**ABOUT THIS EXERCISE:**
Look through the records below for the line with "随后举行了党团协同中心202" and the line with "Технические характеристики: Поворотный", then return those lines and all lines between, exactly.

**PROVIDED ENTRIES:**

· · · · · · ·

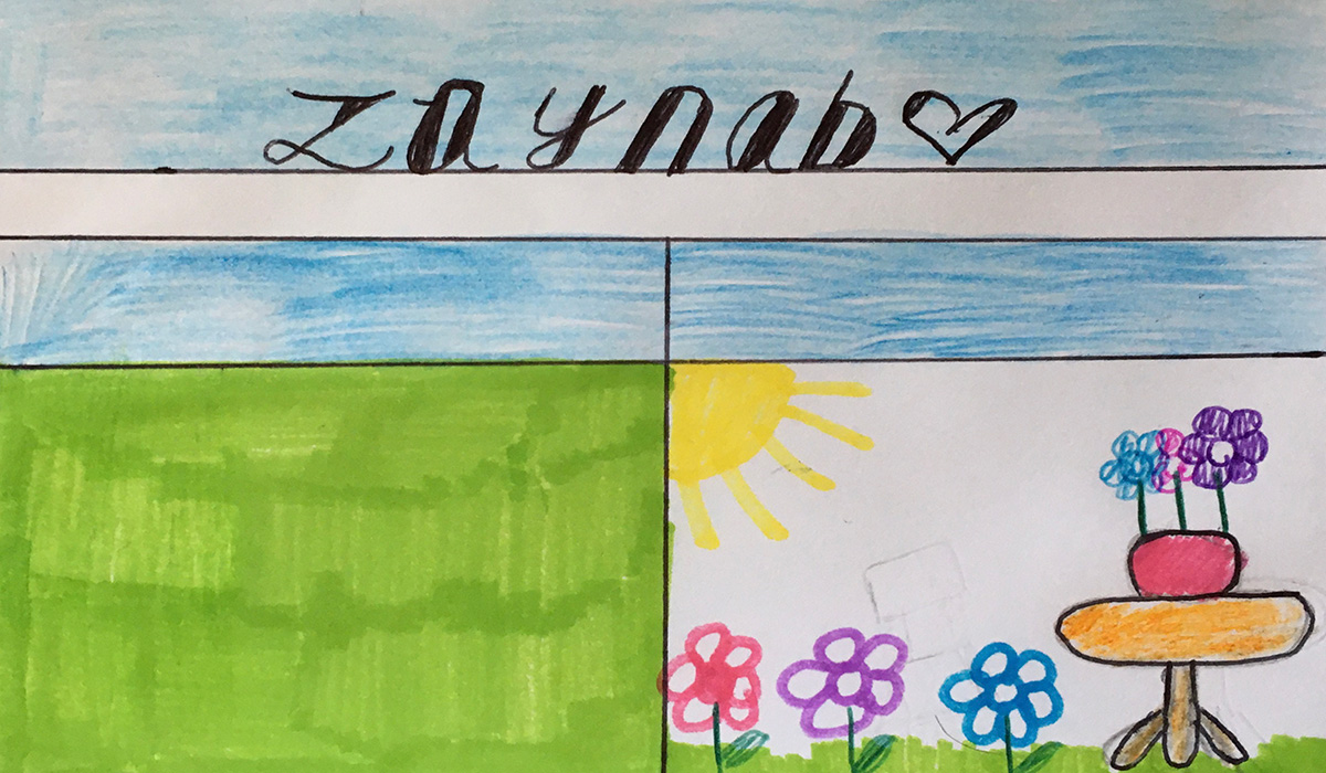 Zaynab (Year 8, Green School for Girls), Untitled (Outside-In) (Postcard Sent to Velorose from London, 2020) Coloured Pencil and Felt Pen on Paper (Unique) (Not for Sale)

· · · · · · ·

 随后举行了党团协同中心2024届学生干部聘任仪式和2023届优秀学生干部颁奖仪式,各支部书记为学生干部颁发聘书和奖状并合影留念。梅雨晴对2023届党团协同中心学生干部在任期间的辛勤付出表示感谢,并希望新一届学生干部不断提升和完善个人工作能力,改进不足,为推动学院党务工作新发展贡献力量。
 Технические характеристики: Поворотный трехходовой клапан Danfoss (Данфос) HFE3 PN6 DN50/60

· · · · · · ·

**RESPONSE TO THE EXERCISE:**
 随后举行了党团协同中心2024届学生干部聘任仪式和2023届优秀学生干部颁奖仪式,各支部书记为学生干部颁发聘书和奖状并合影留念。梅雨晴对2023届党团协同中心学生干部在任期间的辛勤付出表示感谢,并希望新一届学生干部不断提升和完善个人工作能力,改进不足,为推动学院党务工作新发展贡献力量。
 Технические характеристики: Поворотный трехходовой клапан Danfoss (Данфос) HFE3 PN6 DN50/60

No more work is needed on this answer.